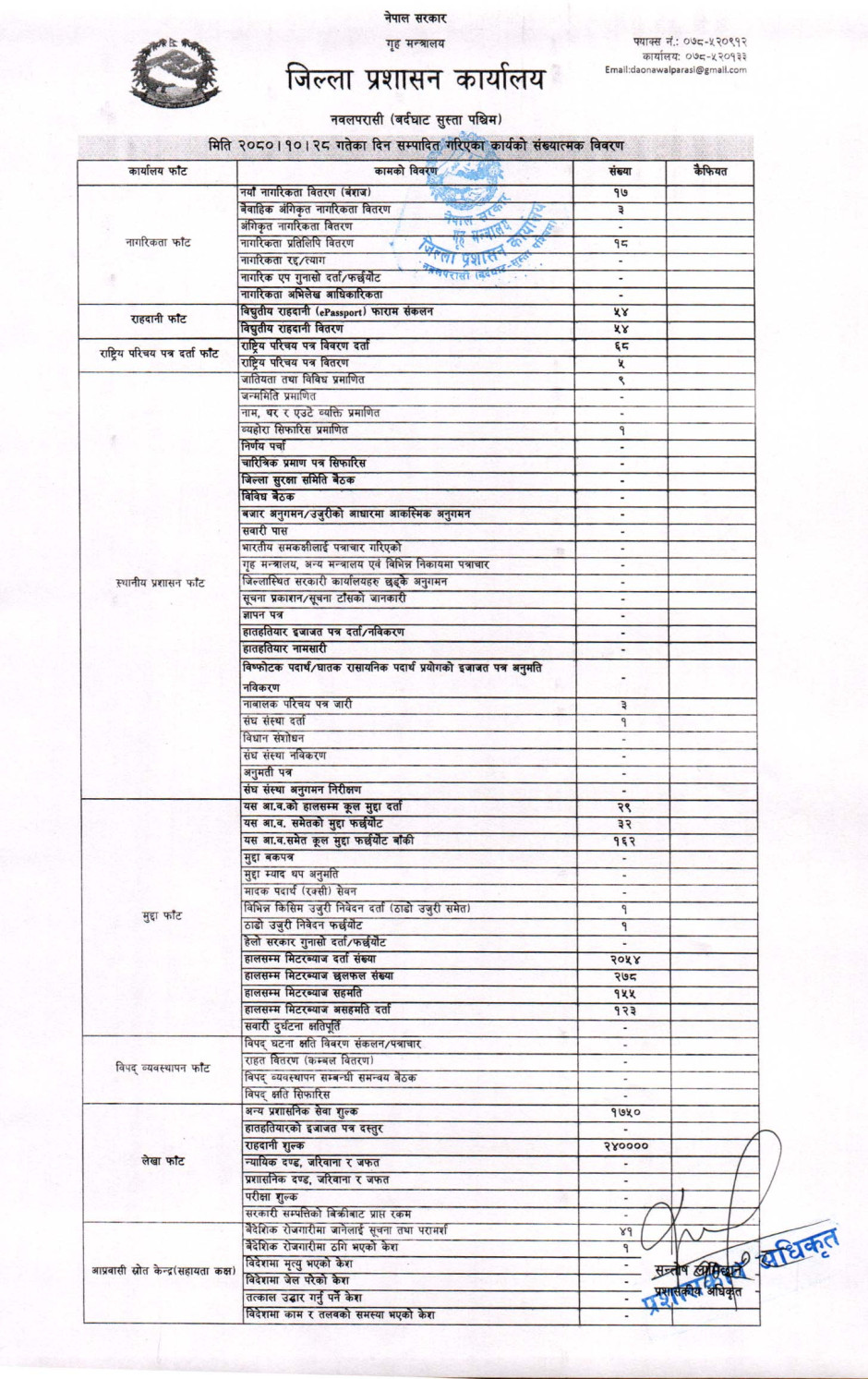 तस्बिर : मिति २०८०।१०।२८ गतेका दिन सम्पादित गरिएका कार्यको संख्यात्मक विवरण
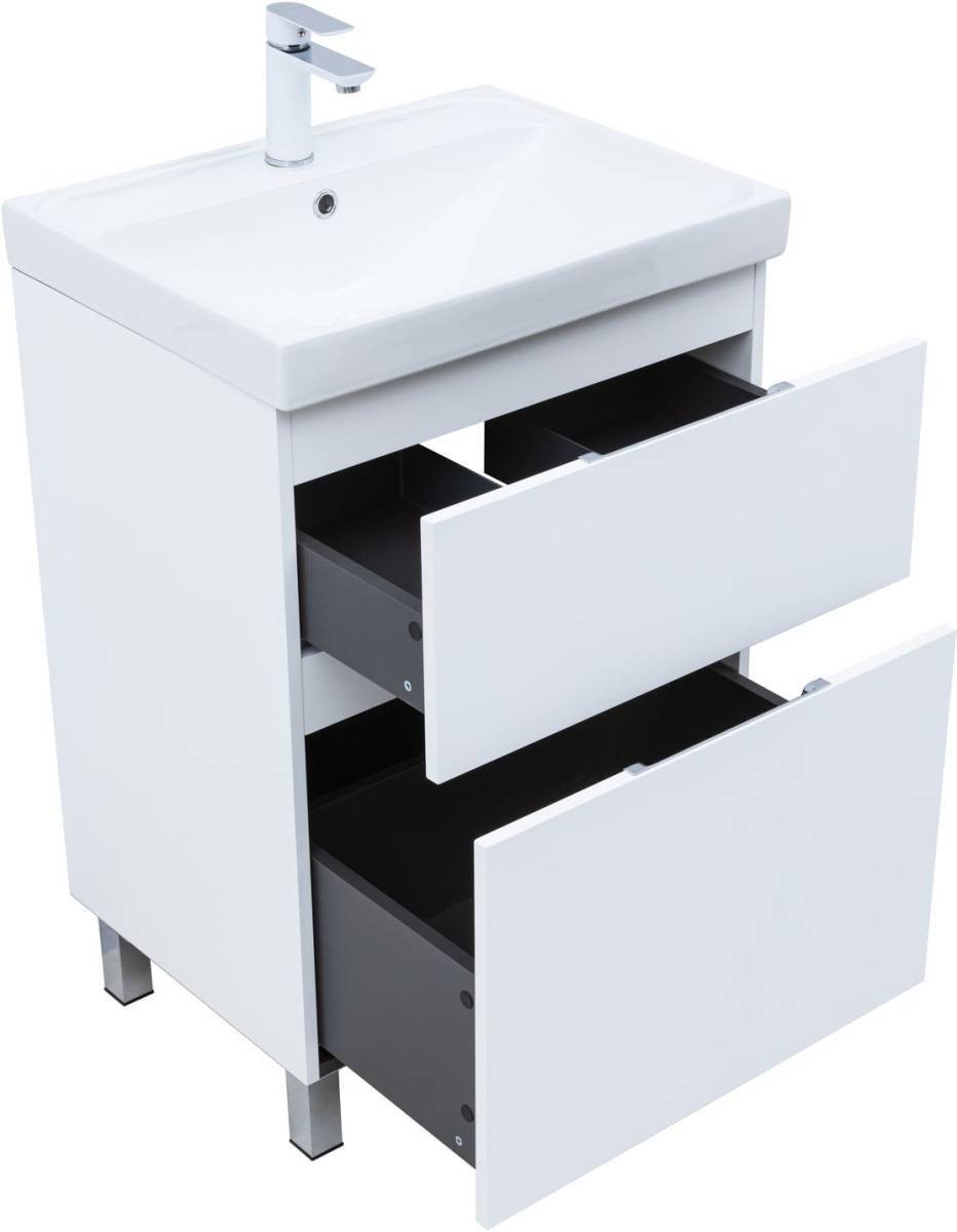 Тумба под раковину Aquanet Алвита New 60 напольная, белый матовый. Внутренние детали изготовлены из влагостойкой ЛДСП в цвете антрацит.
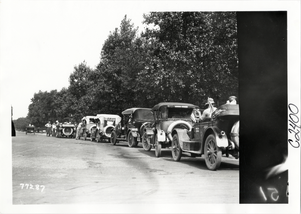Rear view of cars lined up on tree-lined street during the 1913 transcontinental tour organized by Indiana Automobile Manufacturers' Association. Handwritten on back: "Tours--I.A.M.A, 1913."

· · · · · · ·

**Task objective**:
The whole listing should be restated word for word, with no pictures.

**Result**:
 तस्बिर : मिति २०८०।१०।२८ गतेका दिन सम्पादित गरिएका कार्यको संख्यात्मक विवरण
 Тумба под раковину Aquanet Алвита New 60 напольная, белый матовый. Внутренние детали изготовлены из влагостойкой ЛДСП в цвете антрацит.
Rear view of cars lined up on tree-lined street during the 1913 transcontinental tour organized by Indiana Automobile Manufacturers' Association. Handwritten on back: "Tours--I.A.M.A, 1913."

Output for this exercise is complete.